** ASSIGNED TASK **
Using the data below, transcribe exactly everything from the line that contains "Adeline 14-16-vuotiaiden harrastesarjassa" down to the line that contains "整体逻辑是展现层会上报 DSL(一个结构化的描述)到 FaaS". Include both of those lines and none of the pictures.

** EXERCISE MATERIAL **

= = = = =

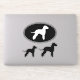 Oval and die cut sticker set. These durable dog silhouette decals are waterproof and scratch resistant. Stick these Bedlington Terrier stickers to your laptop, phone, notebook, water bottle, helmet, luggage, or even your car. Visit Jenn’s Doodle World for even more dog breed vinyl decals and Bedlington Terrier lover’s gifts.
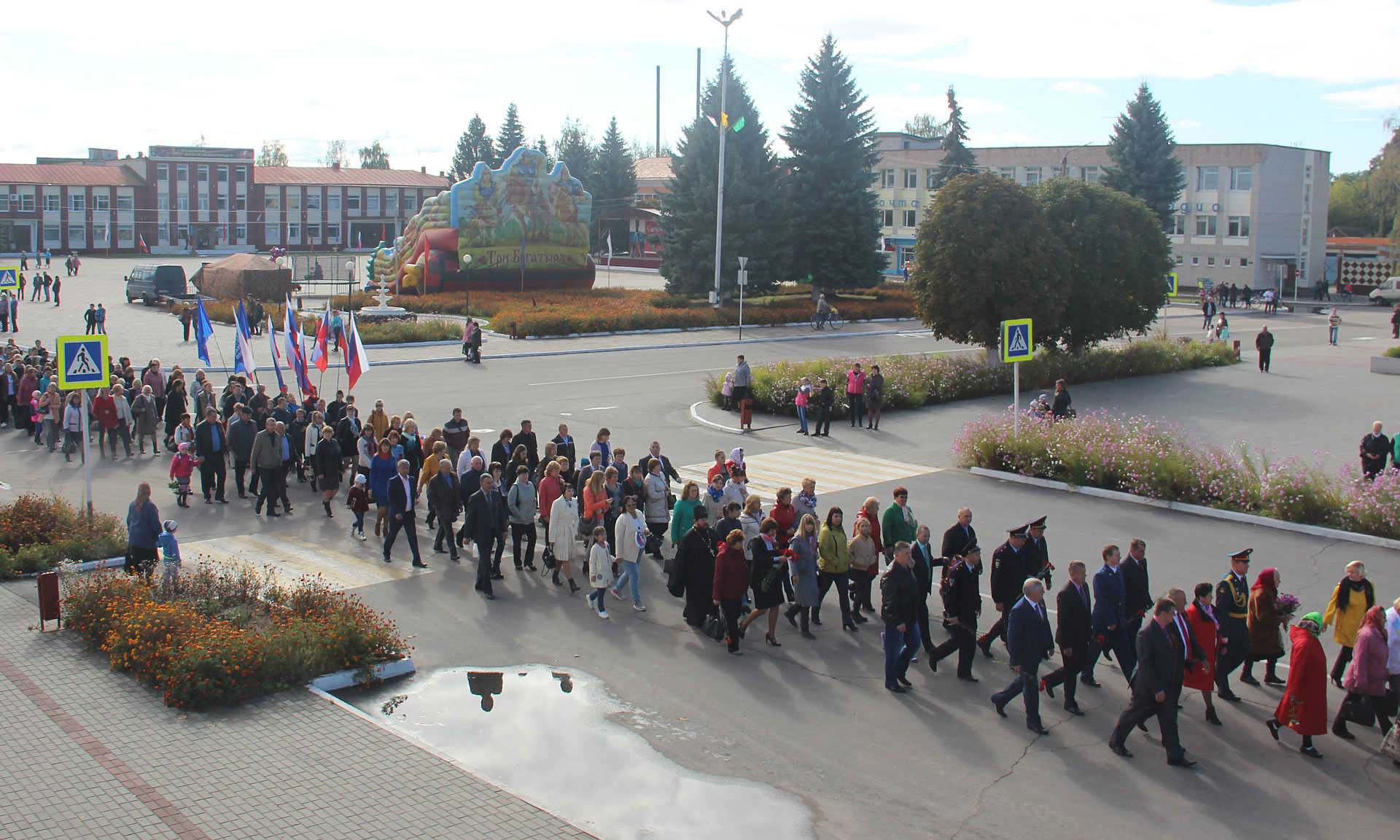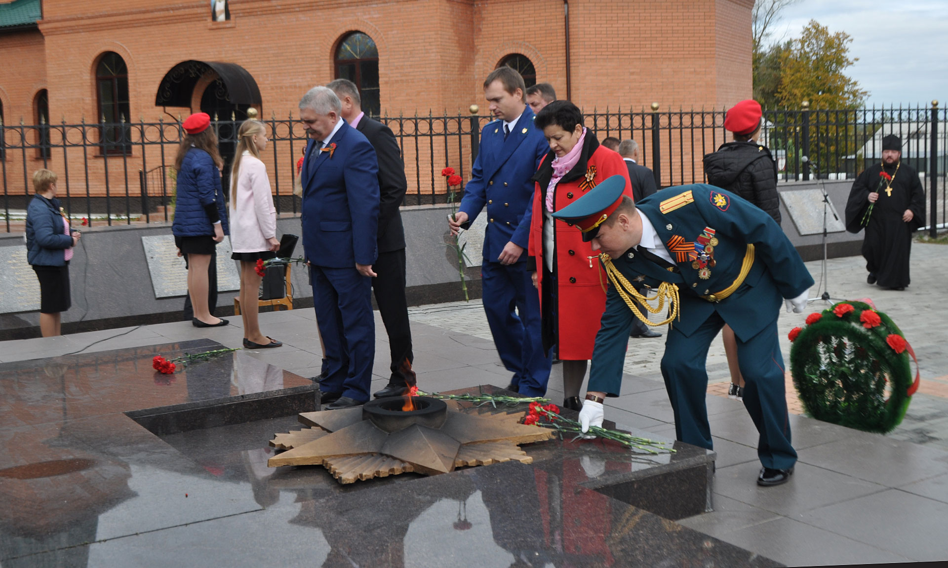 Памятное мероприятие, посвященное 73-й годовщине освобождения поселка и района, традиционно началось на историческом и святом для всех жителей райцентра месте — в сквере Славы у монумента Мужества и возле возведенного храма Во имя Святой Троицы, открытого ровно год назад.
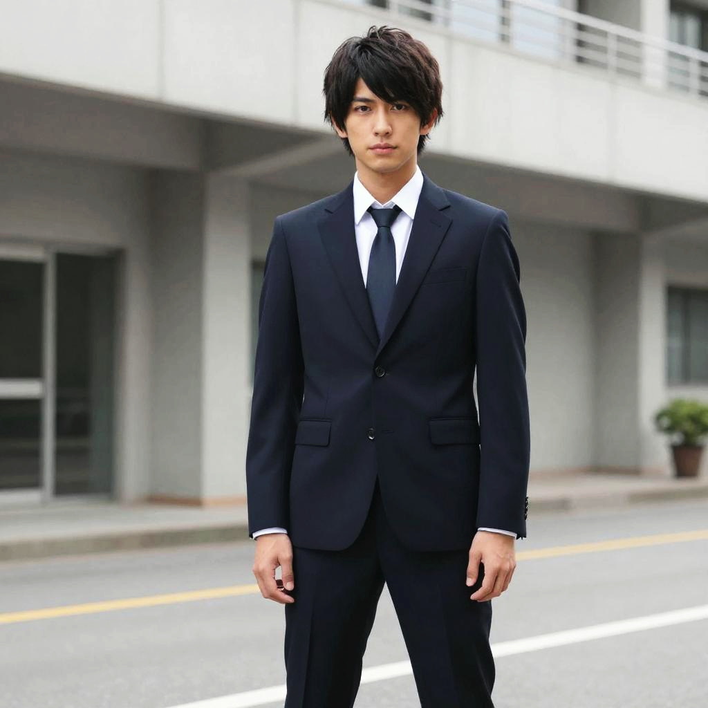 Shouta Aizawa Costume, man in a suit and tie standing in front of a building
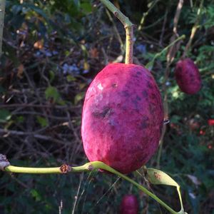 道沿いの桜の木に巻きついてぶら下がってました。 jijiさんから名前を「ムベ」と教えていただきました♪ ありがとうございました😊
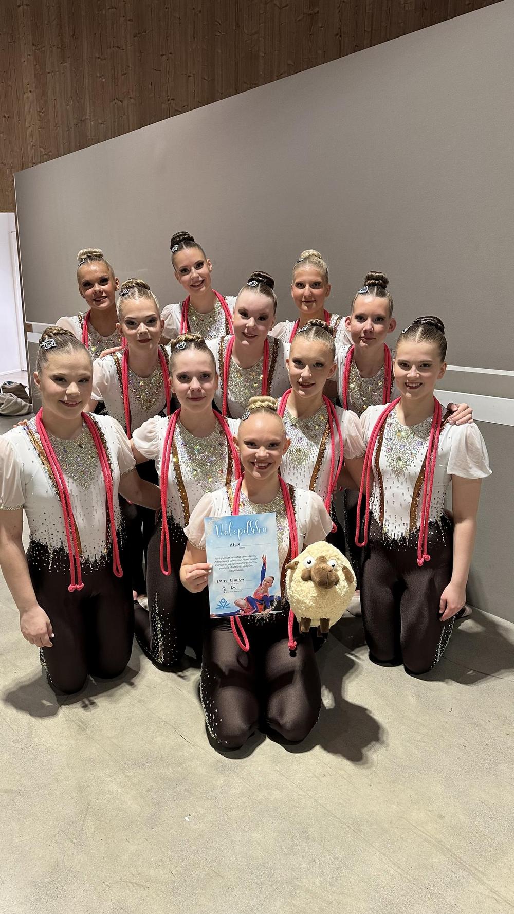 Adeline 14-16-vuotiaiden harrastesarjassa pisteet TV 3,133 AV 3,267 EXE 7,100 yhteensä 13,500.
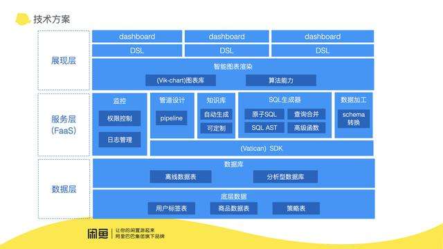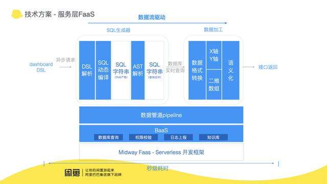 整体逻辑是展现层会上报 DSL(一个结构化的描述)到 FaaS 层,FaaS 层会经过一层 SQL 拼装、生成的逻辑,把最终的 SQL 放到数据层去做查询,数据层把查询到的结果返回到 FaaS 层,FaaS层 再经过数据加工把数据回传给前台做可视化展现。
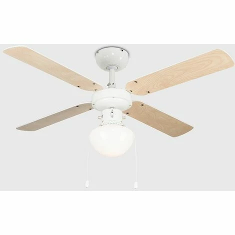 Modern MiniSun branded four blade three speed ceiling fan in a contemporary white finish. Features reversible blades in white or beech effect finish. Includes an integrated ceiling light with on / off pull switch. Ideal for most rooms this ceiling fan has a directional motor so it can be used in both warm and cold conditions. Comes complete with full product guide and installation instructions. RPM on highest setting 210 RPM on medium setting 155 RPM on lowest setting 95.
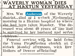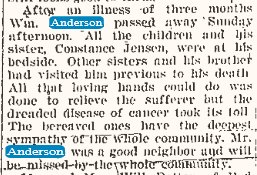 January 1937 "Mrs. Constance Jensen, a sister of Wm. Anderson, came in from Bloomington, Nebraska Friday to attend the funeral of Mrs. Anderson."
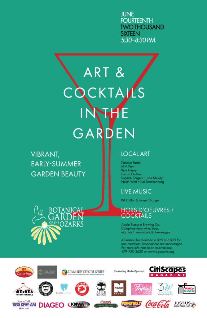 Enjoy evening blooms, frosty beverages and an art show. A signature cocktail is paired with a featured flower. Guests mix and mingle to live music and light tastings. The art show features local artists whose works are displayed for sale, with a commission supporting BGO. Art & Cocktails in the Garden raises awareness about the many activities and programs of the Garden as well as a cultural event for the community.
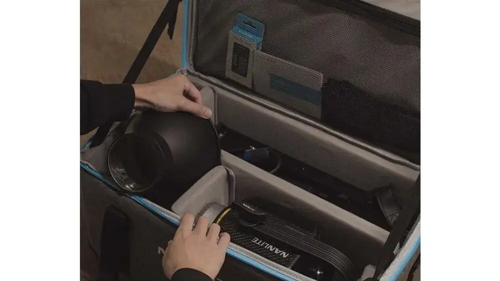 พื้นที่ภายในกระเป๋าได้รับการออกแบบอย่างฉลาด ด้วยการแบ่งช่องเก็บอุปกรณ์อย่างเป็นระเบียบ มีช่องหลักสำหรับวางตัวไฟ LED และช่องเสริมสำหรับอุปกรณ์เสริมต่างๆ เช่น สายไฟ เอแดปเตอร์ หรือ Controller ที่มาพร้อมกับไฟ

= = = = =

** SOLUTION TO THE EXERCISE **
 Adeline 14-16-vuotiaiden harrastesarjassa pisteet TV 3,133 AV 3,267 EXE 7,100 yhteensä 13,500.
 整体逻辑是展现层会上报 DSL(一个结构化的描述)到 FaaS 层,FaaS 层会经过一层 SQL 拼装、生成的逻辑,把最终的 SQL 放到数据层去做查询,数据层把查询到的结果返回到 FaaS 层,FaaS层 再经过数据加工把数据回传给前台做可视化展现。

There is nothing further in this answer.